The aim of Dr. Chow’s laboratory is to advance our understanding of how hormone and neuronal secretion is controlled in normal and pathological states. In the last decade, neuroscience has benefited tremendously from the molecular biology revolution. Dozens of synaptic proteins have been cloned. One of the most exciting goals today is to figure out how these proteins orchestrate the complex life cycle of the secretory vesicle. It is of particular interest to understand how calcium is involved. Katz and colleagues showed that calcium triggers fast exocytosis. More recently it has become clear that calcium may play other important roles that precede exocytosis, perhaps facilitating translocation, docking and priming of vesicles.

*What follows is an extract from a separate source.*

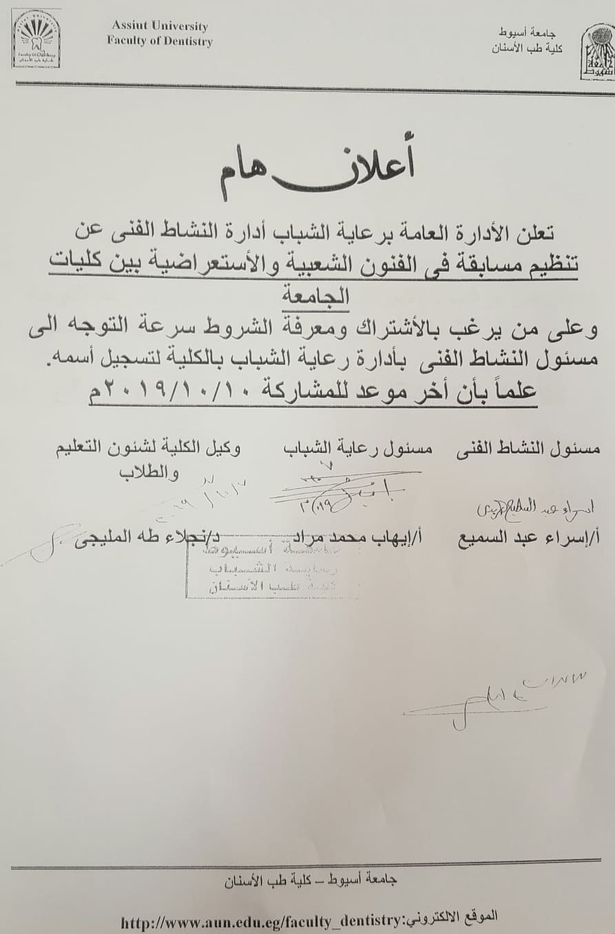 إعلان عن تنظيم مسابقة في الفنون الشعبية و الأستعراضية بين كليات الجامعة

One preparation Dr. Chow’s lab works with is adrenal chromaffin cells. These neuroendocrine cells, like neurons, fire action potentials, exhibit fast calcium-dependent exocytosis, and express synaptic proteins or closely related proteins. They have the advantages of being easy to prepare, and their secretory vesicles are larger than synaptic vesicles and can therefore be visualized more readily. We use viral vectors to express the protein of interest in native or mutated form, and we then study the effects on secretion. The high-resolution methods we use to monitor exocytosis include membrane capacitance measurements, carbon-fiber amperometry, and total internal reflection fluorescence microscopy (also called evanescent-wave microscopy).

Another related area of interest of the laboratory is the cellular mechanism of abnormal secretion and cell death in diabetes mellitus. In collaboration with Prof. Richard Bergman, the Lab is studying insulin secretion from healthy and diseased pancreatic beta cells. The aim is to understand the nature of derangements in beta cell function early in disease, which may permit design of therapeutic interventions early in the development of type I and II diabetes.